In your example, setting a' minimum transfer time to allow' of say 10 minutes at step 2 would prevent Route 1 as shown being suggested. Of course, this means that the minimum possible journey time is increased, but that's the trade off.
If you take uncertainty into account then there is no longer a "best route", but instead there can be a "best strategy" that minimizes the total time in transit; however, it can't be represented as a linear sequence of instructions but is more of the form of a general plan, i.e. "go to bus station X, wait until 10:00 for bus Y, if it does not arrive walk to station Z..." This would be notoriously difficult to present to the user (in addition of being computationally expensive to produce).
For a fixed sequence of instructions it is possible to calculate the probability that it actually works out; but what would be the level of certainty users want to accept? Would you be content with, say, 80% success rate? When you then miss one of your connections the house of cards falls down in the worst case, e.g. if you miss a train that leaves every second hour.
I wrote many years a go a similar program to calculate long-distance bus journeys in Finland, and I just reported the transfer times assuming every bus was on schedule. Then basically every plan with less than 15 minutes transfer time or so was disregarded because they were too risky (there were sometimes only one or two long-distance buses per day at a given route).

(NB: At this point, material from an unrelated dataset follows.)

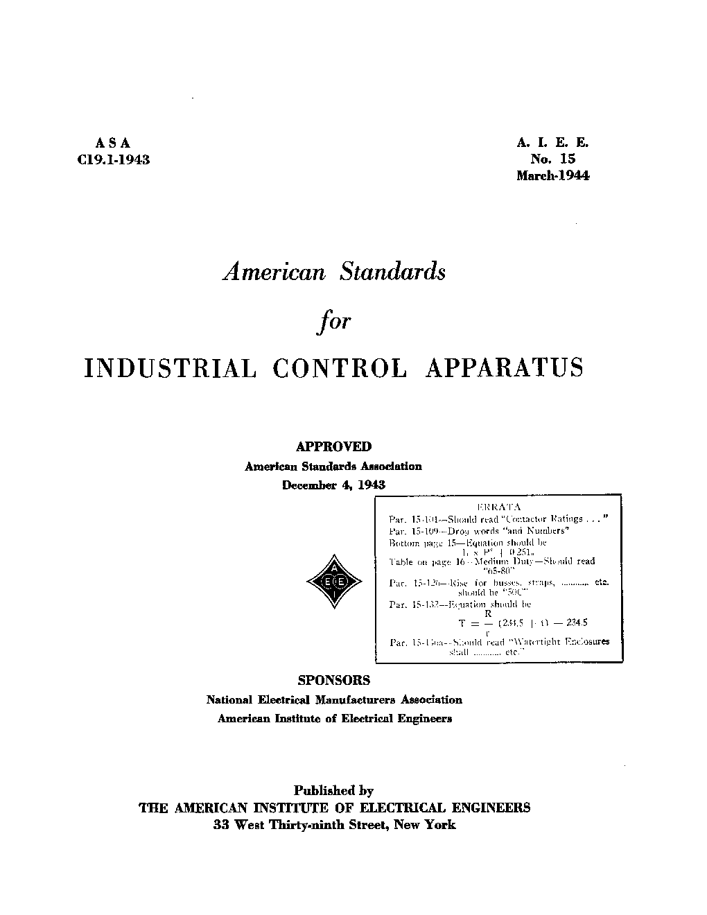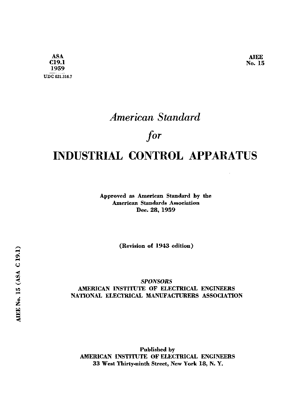 This Standard covers all of the following devices, whether electric, magnetic, mechanical or electronic, (except those intended specifically for marine auxiliaries and propulsion control apparatus, mine locomotive control apparatus and railway and railroad locomotion) which, individually or grouped, serve to govern in some predetermined manner the electric power delivered to the apparatus to which they are connected and intended to function on commercial voltages of 750 volts or less direct current and 500 volts or less alternating current.

Empirically. Record the actual arrival times vs scheduled arrival times, and compute the mean and standard deviation for each. When considering possible routes, calculate the probability that a given leg will arrive late enough to make you miss the next leg, and make the average wait time P(on time)*T(first bus) + (1-P(on time))*T(second bus). This gets more complicated if you have to consider multiple legs, each of which could be late independently, and multiple possible next legs you could miss, but the general principle holds.
Catastrophic failure should be the first check.
This is especially important when you are trying to connect to that last bus of the day which is a critical part of the route. The rider needs to know that is what is happening so he doesn't get too distracted and knows the risk.
After that it could evaluate worst-case single misses.
And then, if you really wanna get fancy, take a look at the crime stats for the neighborhood or transit station where the waiting point is.